Have you tried reserving online. I just checked for the fun of it and I could get in Hocking Hills any weekend in November. We camp in Ohio state parks frequently and always book online.

Ohio DNR

OH, BTW fourwalls Welcome to the site.


----------



## fourwalls (Sep 21, 2007)

The name of the state park was Lake Alma, it is in Wellston ,Ohio. It is located about 6 miles east of Jackson and 1 mile from Wellston.


----------



## Fanatical1 (Jan 9, 2006)

We spent most of the summer staying at the Ohio State Parks. Twice at Maumee, twice at East harbor, once at Kelly's Island and once at Mohican and
we boondoggle at Hocking Hills. They are all great parks and we really enjoy them. next weekend we are going to East harbor again for their halloween weekend (very hard to get into). You are right that the Ohio State Parks book extremely fast!!

We counted the days on the calender to hit the 180 day mark (six months is when they open reservations in advance) and in some cases we have done it
at midnight the day it opens to insure the site we want. We stayed at Kelly's on the 4th of July and Mohican on Labor day and Maumee on Memorial day and
you cant do this unless you book in the middle of the winter right when they open up the sites! Crazy!









I was at Hocking Hills yesterday and the leaves are just begining to turn. I suspect the weekend of 19th and 20th will be about perfect...

Mark


----------



## fourwalls (Sep 21, 2007)

the local news said that Lake Hope was going to be great also about that time. We are headed for Lake Alma that weekend. I hope. The weekend after we are headed for some friends farm to boondock and ride the atvs. That is one of my favorite trips of the year. I have been looking for atv campgrounds also. Those are few and far between in this area. The Wayne national forest area has a few, so I am told. I am doing some research into it. Those places dont advertise much.


----------



## Brad1 (Jan 21, 2007)

We've run into Kyoutback a couple times at Stonelick.
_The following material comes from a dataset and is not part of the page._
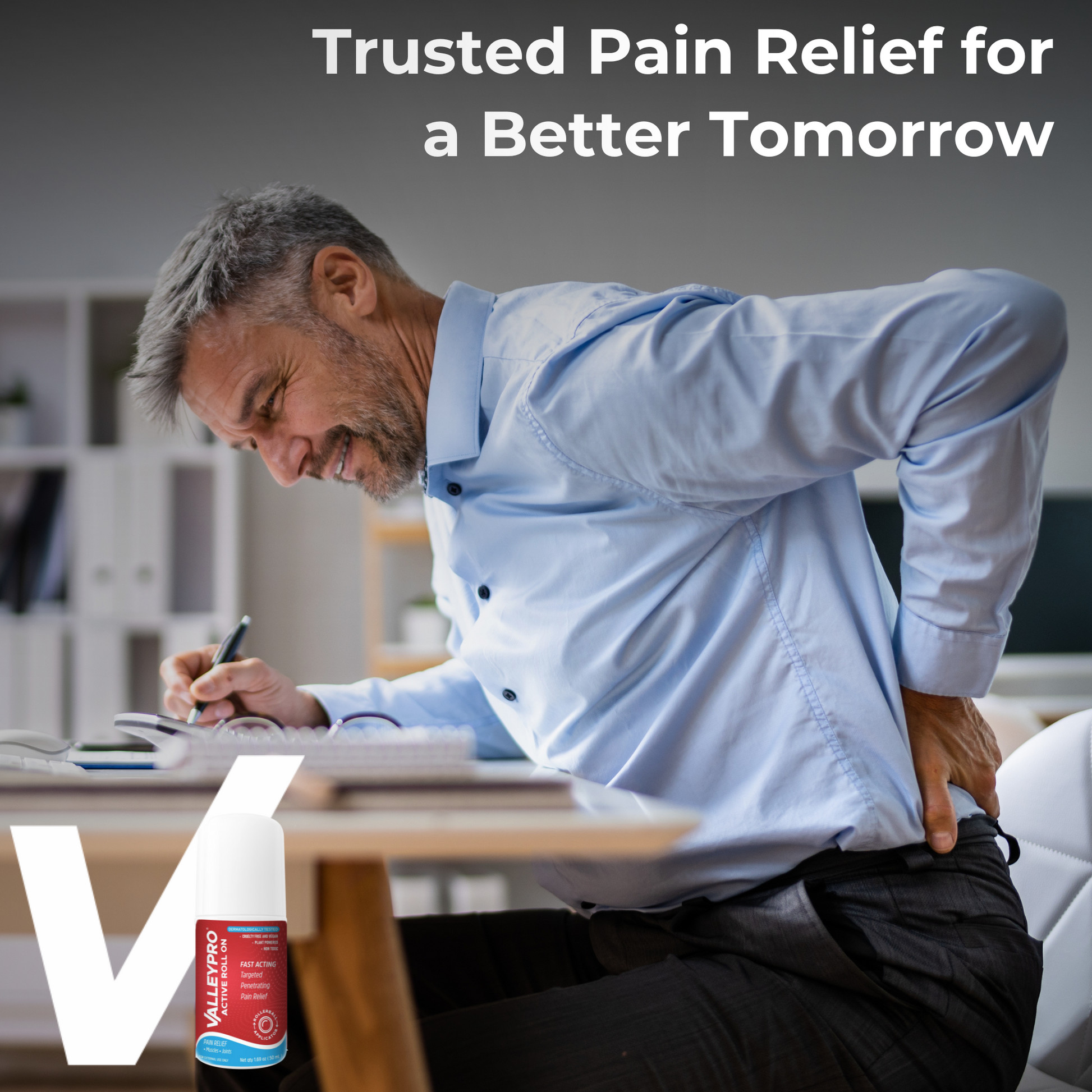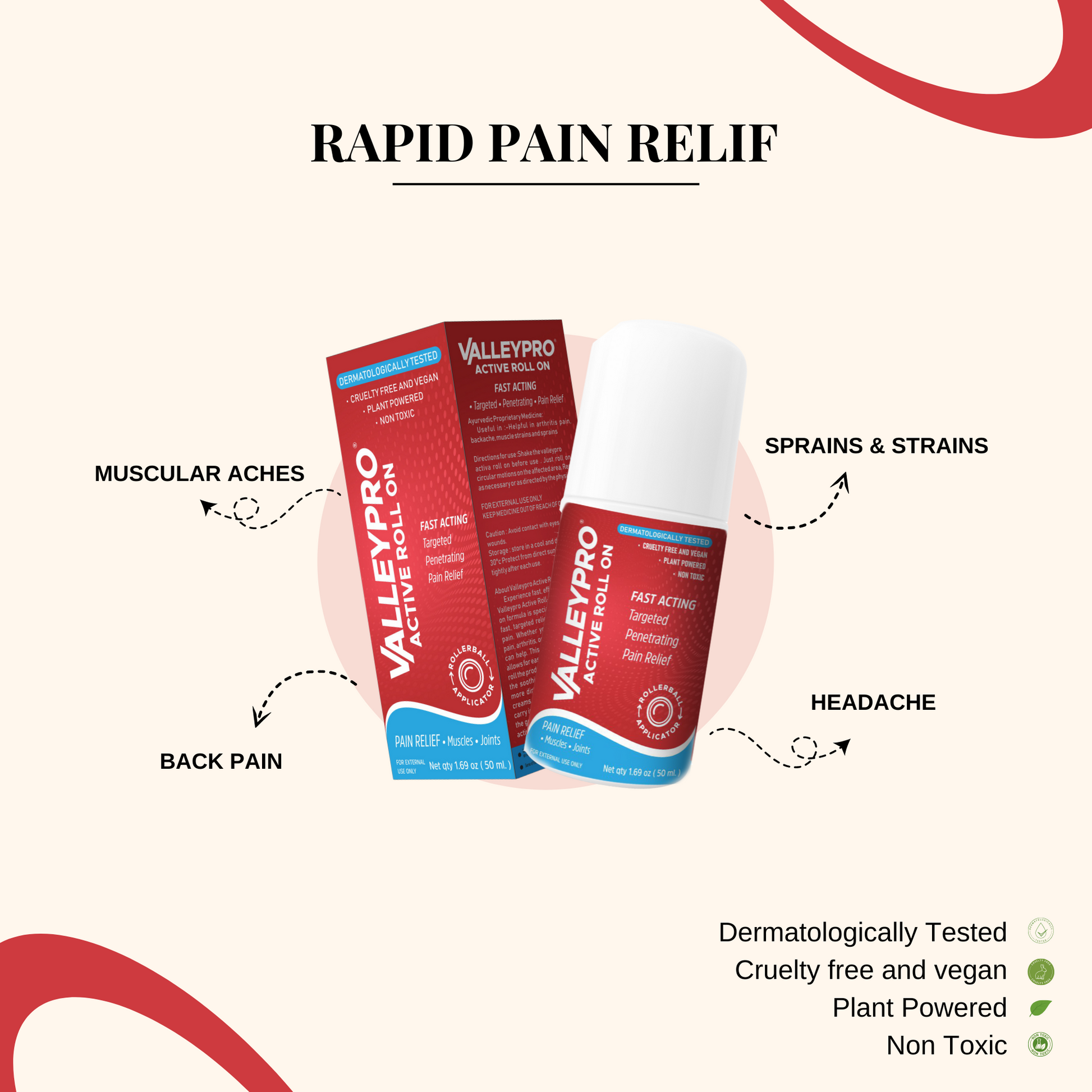 VALLEYPRO ACTIVE ROLL ON IS HELPFUL IN BACK PAIN, ARTHRITIS, OR SPORTS INJURIES, THIS ROLL ON CAN HELP. WHICH MAKES IT SUITABLE FOR REGULAR USE. IT IS ALSO DERMATOLOGICALLY TESTED.

We too frequent the Ohio and KY parks and just as Mark said... you have to plan in advance. People are literally online at midnight booking. Typically though a "normal" weekend you should be able to get something. Welcome to the best Forum around.


----------



## Paul W. (Apr 14, 2007)

Fanatical1 said:


> We spent most of the summer staying at the Ohio State Parks. Twice at Maumee, twice at East harbor, once at Kelly's Island and once at Mohican and
> we boondoggle at Hocking Hills. They are all great parks and we really enjoy them. next weekend we are going to East harbor again for their halloween weekend (very hard to get into). You are right that the Ohio State Parks book extremely fast!!
> 
> We counted the days on the calender to hit the 180 day mark (six months is when they open reservations in advance) and in some cases we have done it
> ...


If you get locked out of Hocking Hills SP, I highly recommend Scenic View CG. It is less than 3 miles from the SP on SR 664. Beautiful little place with close access to all of the SP hiking and fun. We are permanent campers at Scenic View and we find that there are almost always sights available with at least electric. Enjoy!


----------



## Thor (Apr 7, 2004)

I have camped in Ohio Maumee Bay - Loved it










Thor


----------



## Fanatical1 (Jan 9, 2006)

Thor said:


> I have camped in Ohio Maumee Bay - Loved it
> 
> 
> 
> ...


Maumee Bay would be a great place for an Outback Rally! Mhhmmmmm.......


----------



## Rip (Jul 13, 2006)

Going there this weekend!!!!!!!!!!!!!!!!!!!!


----------



## BoaterDan (Jul 1, 2005)

I'd really like to camp on one of the Lake Eerie islands (Kelly's or South Bass) summer 2008. Do you know if I could take my big rig on the ferries? I can't find any limits on the ferry web sites.



Fanatical1 said:


> We spent most of the summer staying at the Ohio State Parks. Twice at Maumee, twice at East harbor, once at Kelly's Island ...
> 
> Mark


----------



## Fanatical1 (Jan 9, 2006)

[quote name='BoaterDan' date='Nov 29 2007, 04:17 PM' post='260364']
I'd really like to camp on one of the Lake Eerie islands (Kelly's or South Bass) summer 2008. Do you know if I could take my big rig on the ferries? I can't find any limits on the ferry web sites.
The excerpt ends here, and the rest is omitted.